MacDonald had been touring the show to various branches of the KFPL during the week of the March break to hundreds of youngsters.

While the youngsters thoroughly immersed themselves in both performances, I was especially intrigued by the older-style puppets that were used in the second performance, The Princess and The Pea. These colourful, hand-crafted puppets are made of papier-mâché and are meticulously painted. They hearken back to puppets and shows that I had a chance to see when I was a child.
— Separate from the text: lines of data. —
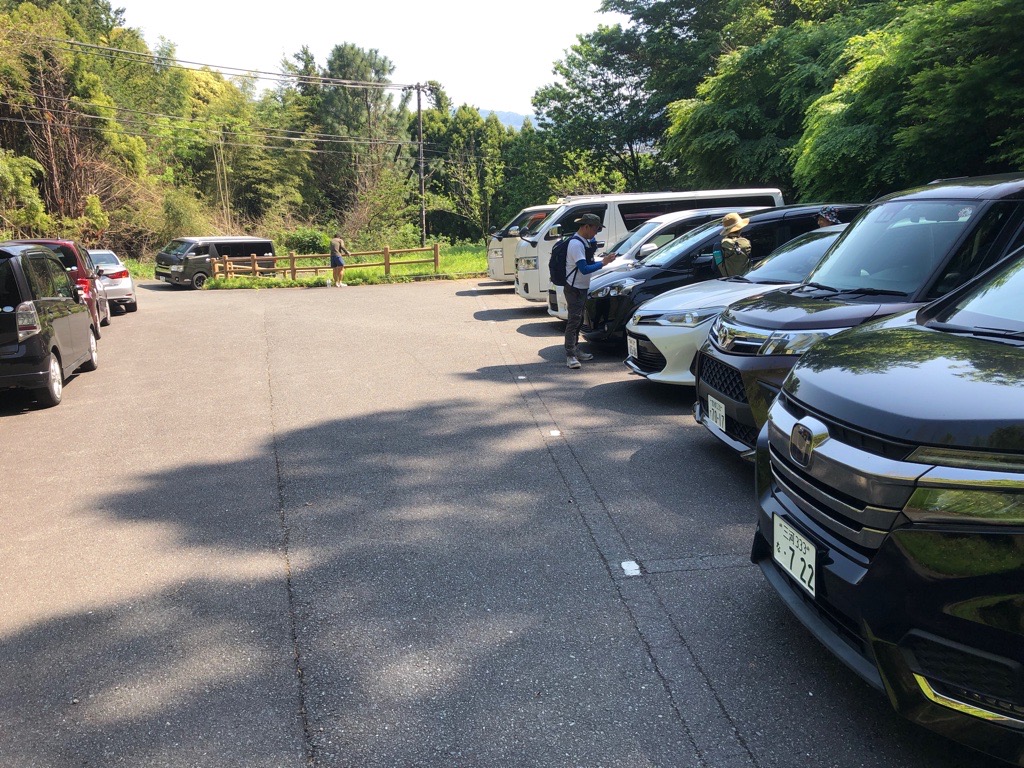 内山コース登山口駐車場、ピーカンの日曜日なのでだいぶにぎわっていました。 |
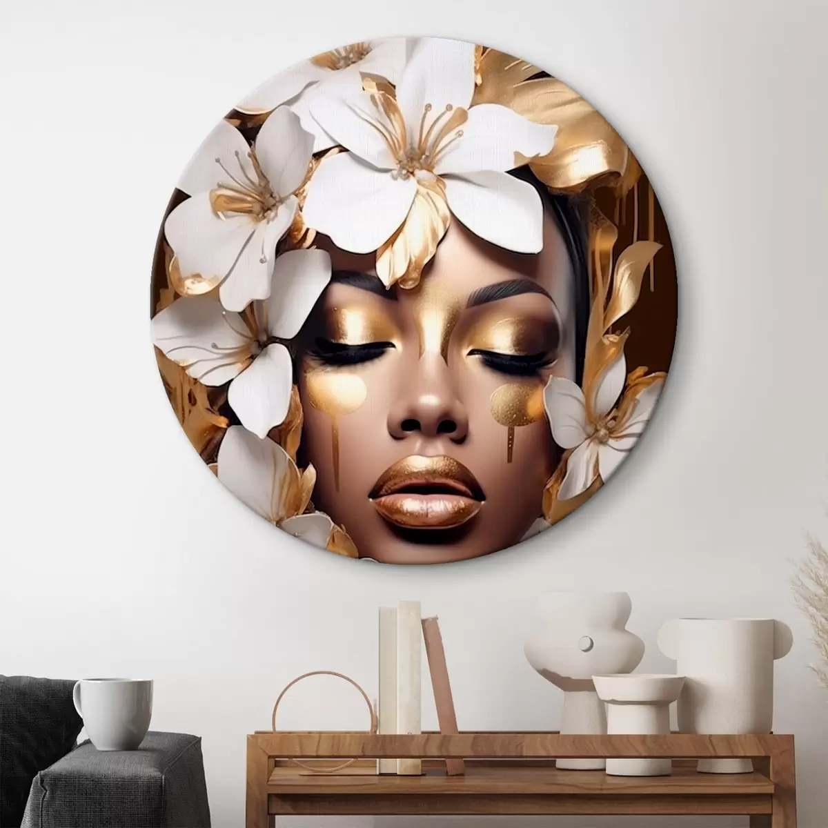 Ronde schilderijen Vrouwenportret met florale elementen Nr r43417
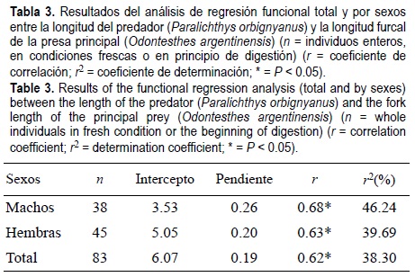 El 40.61% de los individuos analizados (n = 119), presentaron contenidos estomacales (tabla 1). La frecuencia acumulada de la longitud total al 25% y 50% de las tallas retenidas por la red fue de 38.7 cm y 46.5 cm, respectivamente (fig. 2). El índice de alimentación varió entre 0.20 y 0.59 (tabla 1). Los coeficientes de ocurrencia y numérico por presa se presentan en la tabla 1. Se identificó un total de 5 items alimenticios, en general relativamente frescos o en principio de digestión, en la dieta del lenguado: el pejerrey Odontesthes argentinensis (Valenciennes, 1835; Familia Atherinopsidae), la lacha Brevoortia aurea (Agassiz, 1829; Familia Clupeidae), la corvina blanca Micropogonias furnieri (Desmarest, 1823; Familia Scianidae), el lenguado Paralichthys orbignyanus (Valenciennes, 1842; Familia Paralichthyidae) y peces teleósteos no identificados (tabla 1). El pejerrey Odontesthes argentinensis fue la principal especie consumida por el lenguado, mientras que otros peces fueron presas esporádicas con bajos porcentajes de ocurrencia y número (tabla 1). El canibalismo fue menor al 3% del total de los items presa presentes en los estómagos (tabla 1) y ocurrió en las clases de talla de 46-56 cm (tabla 2). Se encontraron diferencias significativas (P < 0.05) entre las clases de talla para el total de las presas (test G = 32.12; X2 12; 005 = 21.03) y para O. argentinensis (test G = 27.55; X2 3, 0.05 = 7.81) (tabla 2). Se observaron correlaciones significativas (P < 0.05) y tendencias positivas entre la longitud furcal del pejerrey y la longitud total del lenguado por sexos, pero un bajo porcentaje de la variabilidad en el tamaño de la presa (<47%) es explicado por el tamaño del predador (tabla 3).
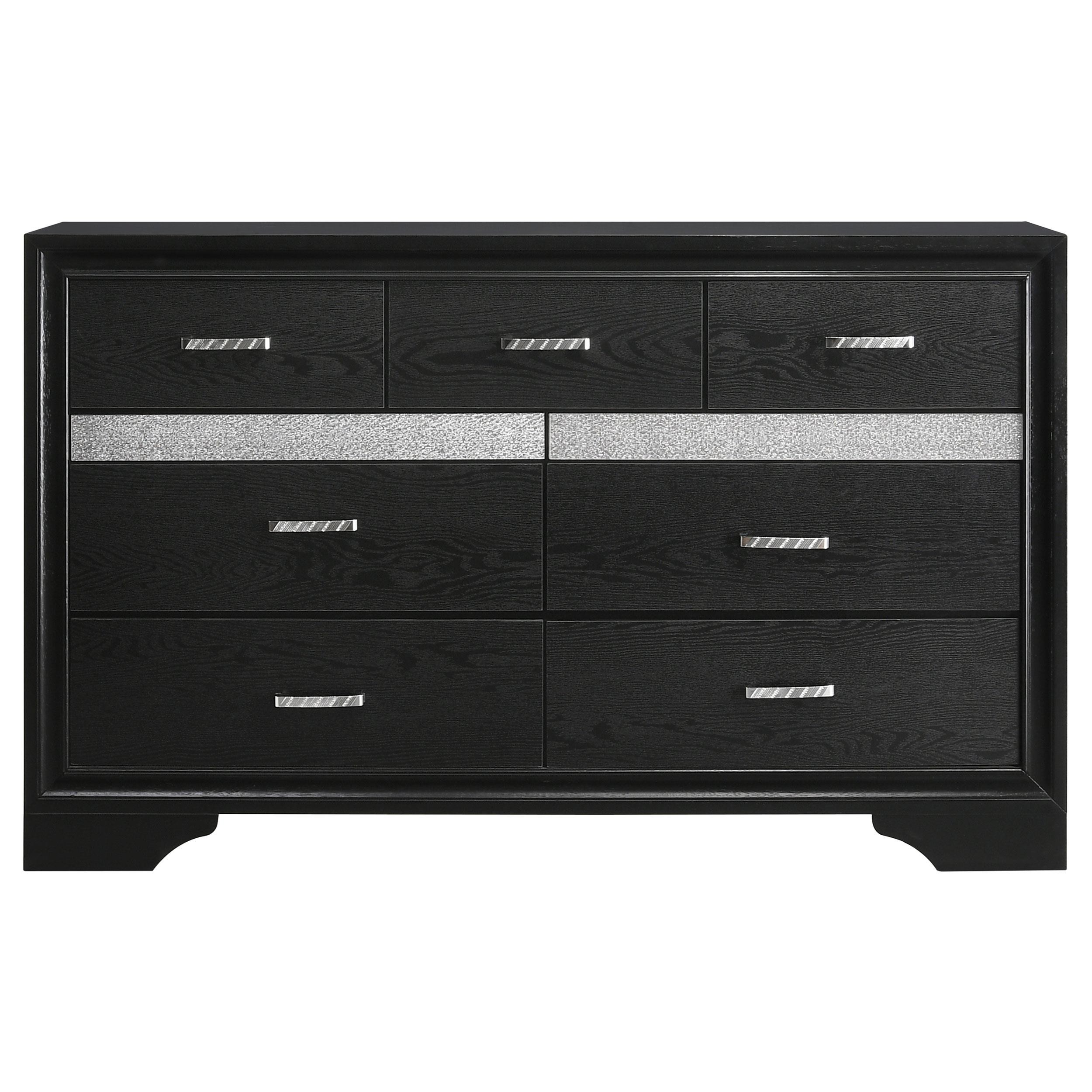 Glittering trim and a black finish create a sense of sophistication for a four-piece modern bedroom set. Designed to make a statement, the set focuses on a bed that boasts a crisp, clean-lined silhouette that pairs a rectangular headboard with padded black upholstery. Glittering diamond-like trim adorns the head and footboards of the bed and makes a statement on both the nightstand and dresser. Drawers are accentuated with jewelry inspired bar pulls that add to a gleaming presentation. Bracket feet complete the look of each piece in this set, offering a touch of timeless character and subtle movement.

For puppet enthusiasts, World Puppetry Day is celebrated every March 21 and according to Wikipedia was begun by Dzhivada Zolfagariho, who in 2000 at the XVIII Congress of the Union Internationale de la Marionnette, (UNIMA) in Madgeburg, proposed the idea. Two years later, at a meeting of the International Council of UNIMA in Atlanta, the date of the celebration was decided and the first celebration took place in 2003.

Sara Carpenter, head librarian at the Sharbot Lake branch, was thrilled with the turnout for the special march Break event. “It's so great to be able to have had the performance here and we are hoping to have another one here again this summer. We are also hoping that the children who attended the show will be encouraged to come back to the library and enjoy what we have to offer them.”